Barnett filed his case against Irving and ARK in Dallas County. He alleges that ARK defaulted on its responsibility in the leases and the development agreement with the city. If the judge agrees, it could deny the developer $44 million in tax-backed reimbursements from Irving.

The city has approved a third-party audit showing ARK spent more than the required $160 million on legitimate project expenses.

That move clears the way for the city to pay the reimbursements.

Noah Lazes, president of ARK, said late Thursday that he had not been served with Barnett’s suit but added that his company stands “ready to respond immediately to the frivolous and false allegations.”

“Not only are such statements made not true, but [Billy Bob’s company] attached a fake, fraudulently modified development agreement to their claim. The actual signed development agreement is a matter of public record and is not the same agreement attached to their claim.

“There is just zero truth or accuracy to the [Barnett] claim.”

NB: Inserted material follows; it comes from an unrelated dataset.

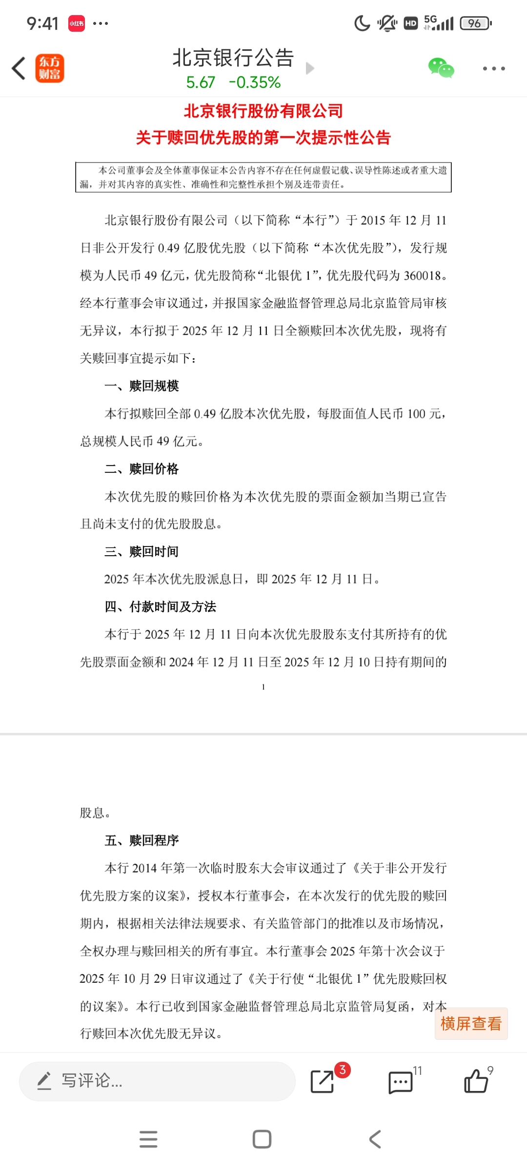 $贵阳银行(SH601997)$ 北京银行都在赎回优先股了。现在国债利息这么低,建议贵阳银行向普通股股东配股,行使优先股赎回权,赎回全部优先股。

If a judge backs Barnett, the suit says, it could turn landlord duties for the $250 million development over to the city. Lazes said there is no developer default, but if there were, lender Suntrust Bank would become the landlord.

Barnett walked away from the Music Factory venues, leaving beer in the coolers, pillows in the seats and countrythemed merchandise in the market. He owns the goods and fixtures, his attorney said.

Barnett’s suit claims that ARK Group used “prop” plumbing fixtures to pass inspections needed for certificates of occupancy and later replaced them, a charge the developer has denied.

In his suit, Barnett also charged that ARK did not meet requirements in the development agreement with the city, including regarding the size and configuration of the open-air plaza.

Those actions and omissions add up to default, according to the suit. Similar allegations were made in a suit filed by a newly-formed taxpayers group. That suit also was filed by Barnett’s attorney, Larry Friedman.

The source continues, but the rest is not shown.